4. Conscious Integrated Information Knowledge

Butlin, Patrick, et al. Consciousness in Artificial Intelligence: Insights from the Science of Consciousness. arXiv:2308.08708. In response to increasing concerns, nineteen veteran authorities including Chris Firth, Yousha Bengio and Grace Lindsay have prepared an extensive survey with 13 reference pages which could serve as an overview of the whole subject. (Yet as Eric Schmidt has recently said on TV, until a deeper philosophical ground is achieved such studies as this and the AI field will remain in abeyance.)

Whether current or near-term AI systems could be conscious is a new topic of scientific interest and increasing public concern. This report argues for, and exemplifies, a rigorous and empirically grounded approach to AI consciousness by a review of present AI systems in light of the best-supported neuroscientific theories. We survey several prominent scientific versions such as recurrent processing theory, global workspace theory, higher-order theories, predictive processing, and attention schema. From these theories we derive "indicator properties" elucidated in computational terms that allow us to assess AI approaches. We use these indicator properties to consider several recent AI systems, and we discuss how future versions might implement them. Our analysis suggests that no current AI method are conscious, but also suggests that there are no obvious technical barriers to building AI systems which satisfy these indicators. (Abstract)

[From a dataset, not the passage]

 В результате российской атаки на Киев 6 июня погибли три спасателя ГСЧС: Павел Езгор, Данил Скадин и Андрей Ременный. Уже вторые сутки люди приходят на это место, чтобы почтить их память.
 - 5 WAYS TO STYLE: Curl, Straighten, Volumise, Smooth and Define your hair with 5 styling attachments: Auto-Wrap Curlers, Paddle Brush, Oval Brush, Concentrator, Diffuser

Chalmers, David. Constructing the World. New York: Oxford University Press, 2012. The Australian National University philosopher, author of the 1996 classic The Conscious Mind, continues his quest to limn the deepest essence of this extant realm we aware selves are born into. But what continues to pass for academic discourse seems inscrutably, almost deliberately dense. It is evident the man has something to report from these far frontiers, but as so many writings some 450 pages get lost in jargon such as “Tenth Excursus: Constructing Epistemic Space.” We quote from the publisher, if one may broach a translation, could it be the “elephant-like” reality that Rudolf, David, and everyone are quite trying to describe is much like a natural genesis with its own parental code?

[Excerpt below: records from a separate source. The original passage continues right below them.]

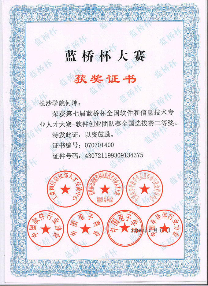 此次大赛由工业和信息化部人才交流中心、教育部全国高等学校学生信息咨询与就业指导中心联合主办。“蓝桥杯”全国软件和信息技术专业人才大赛是目前计算机学科竞赛中参赛人数最多、影响力最大的学科竞赛,获得众多知名企业的高度认可和鼎力支持,IBM、百度、阿里巴巴、腾讯、奇虎360、金证股份、凤凰网等知名企业以及数家投资机构派代表出席了颁奖典礼。
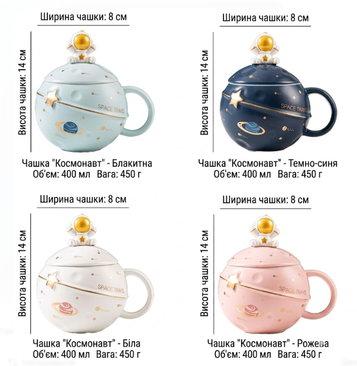 Керамічна кружка «Астронавт. Зоряне небо» з кришкою (400 мл)
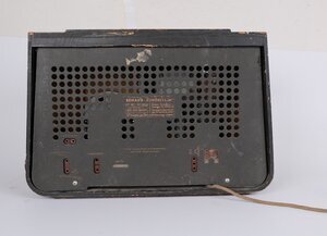Ein kleineres Tischmodell von Schaub aus dem Jahr 1950. Das Holzgehäuse ist mittelbraun furniert. Die Front ist klassisch, horizontal geteilt. Im oberen Teil, hinter einer Stoffabdeckung befindet sich der Lautsprecher. Darunter eine braune Glasscheibe mit aufgedrucken Sendestationen und Wellenbereichen. Seitlich der Scheibe, in das Gehäuse integriert, zwei Drehschalter für die Lautstärke und Senderwahl. Die Wellenbereiche werden über einen Drehschalter gesteuert, der im rechten Seitenteil angeordnet ist. Das Gerät verfügt über LW/MW/KW und ist für den UKW Empfang vorbereitet. Externe Anschlüsse sind für Plattenspieler, Zweitlautsprecher, Antenne und Erde vorhanden. Das Radio kostete im Fachhandel ca. 220 DM. Das Anschlusskabel ist noch Original, d.h. Stoffummantelt und ohne Sicherheitsstecker (Schuko)
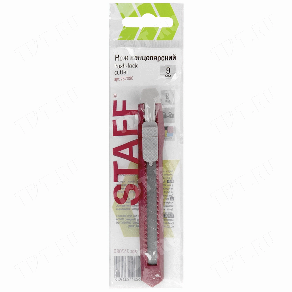 Нож канцелярский STAFF «Basic Economy» с отламываемым лезвием, код производителя 237080, Push-lock cutter, шириной 9 мм. Материал корпуса – пластик. Производится в Китае.
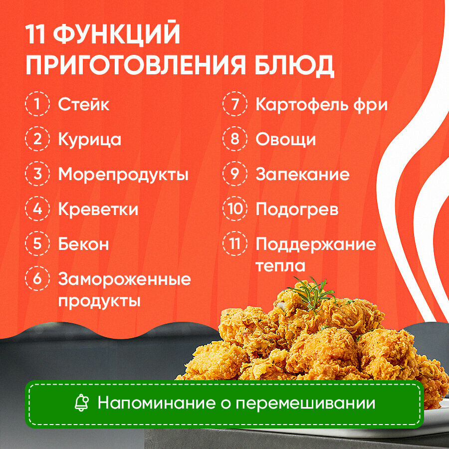 | Особенности | 11 автоматических программ; управление сенсорное/ Wi-Fi; диапазон температур 170-204 С; размер шампура 21 см; автоматическое отключение; установка времени приготовления; звуковой сигнал; защита корзины от выпадения; защита от перегрева; 100 рецептов в приложении |
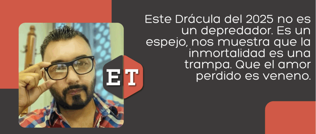 Así que no me engaño: este Drácula del 2025 no es un depredador, es un espejo. Nos muestra que la inmortalidad es una trampa. Que el amor perdido es un veneno más duradero que cualquier cruz. Que a veces el verdadero terror no está en la sangre, ni en los colmillos, sino en la imposibilidad de cerrar un duelo. Y quizás lo más perturbador no es verlo chupar sangre, sino verlo negarse a beber. Jugar a morirse de a poco. Resignarse a la espera. Porque nos recuerda algo brutal: no necesitamos colmillos para convertirnos en sombras. Basta con haber amado una sola vez para quedar condenados al vacío.
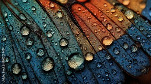Fototapeta premium Vibrant Blue Orange Bird Feathers Detailed Macro Shot Water Drops Jewel Tones...
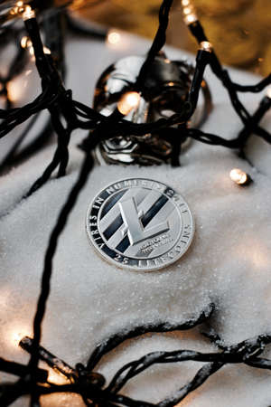 Digital currency physical metal silver litecoin coin. Christmas snow concept.
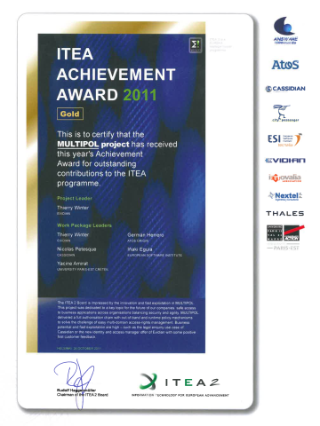 ITEA Award Gold Medal on best project 2011. "Multipol project"

David J. Chalmers constructs a highly ambitious and original picture of the world, from a few basic elements. He develops and extends Rudolf Carnap's attempt to do the same in Der Logische Aufbau Der Welt (1928). Carnap gave a blueprint for describing the entire world using a limited vocabulary, so that all truths about the world could be derived from that description--but his Aufbau is often seen as a noble failure. In Constructing the World, Chalmers argues that something like the Aufbau project can succeed. With the right vocabulary and the right derivation relation, we can indeed construct the world. The focal point of Chalmers's project is scrutability: roughly, the thesis that ideal reasoning from a limited class of basic truths yields all truths about the world. Chalmers first argues for the scrutability thesis and then considers how small the base can be. All this can be seen as a project in metaphysical epistemology: epistemology in service of a global picture of the world and of our conception thereof. The scrutability framework has ramifications throughout philosophy. Using it, Chalmers defends a broadly Fregean approach to meaning, argues for an internalist approach to the contents of thought, and rebuts W. V. Quine's arguments against the analytic and the a priori. He also uses scrutability to analyze the unity of science, to defend a conceptual approach to metaphysics, and to mount a structuralist response to skepticism. (Publisher)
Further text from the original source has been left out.